9. Step-by-step: EOS through leader failover🔗
Let’s walk through a real example.
| Step | Action | What Happens |
|---|---|---|
| 1 | Broker A is leader | Producer sends (PID=1234, seq=100–109) |
| 2 | Broker A crashes mid-write | Some messages written, some pending |
| 3 | Broker B becomes leader | Rebuilds state, truncates uncommitted data |
| 4 | Producer retries batch | Still uses (PID=1234, seq=100–109) |
| 5 | Broker B checks snapshot | Sees duplicates → ignores |
| 6 | Producer sends new batch (seq=110–119) | Broker B accepts and appends |
| ✅ | Result | No duplicates, no lost messages, consistent order |
10. Summary: Kafka’s idempotence + leader epochs🔗
| Concept | Description | Role in EOS |
|---|---|---|
| Producer ID (PID) | Unique ID per producer | Identify source of messages |
| Sequence Number | Increment per partition | Detect duplicates, maintain order |
| Producer Epoch | Increment per restart | Ignore stale messages after restart |
| Leader Epoch | Increment per leader re-election | Ensure log consistency after failover |
| Producer State Snapshot | Stored on broker | Recover last sequence after failover |
| Retry behavior | Retains same sequence for same batch | Prevent duplicates across retries or failovers |
✅ In short:
- Offsets are still assigned by the broker.

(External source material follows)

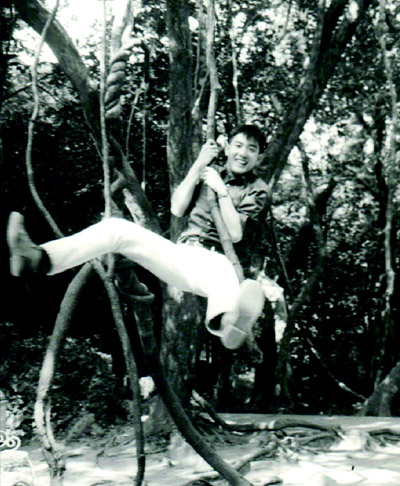 好動中學生:高中時代的馬英九,出游時留下了這張蕩樹藤的照片,難得展現俏皮的一面。

- Sequence numbers are assigned by the producer.
- When the leader changes, the new leader rebuilds its producer state from the log and uses the leader epoch to stay consistent.
- If the producer retries the same batch, the sequence numbers remain the same, and the new leader detects duplicates and discards them.
- Producer epoch protects against old messages from previous producer sessions.
Together, this combination of PID, sequence numbers, producer epoch, and leader epoch allows Kafka to maintain exactly-once semantics — even across broker failovers and leader re-elections.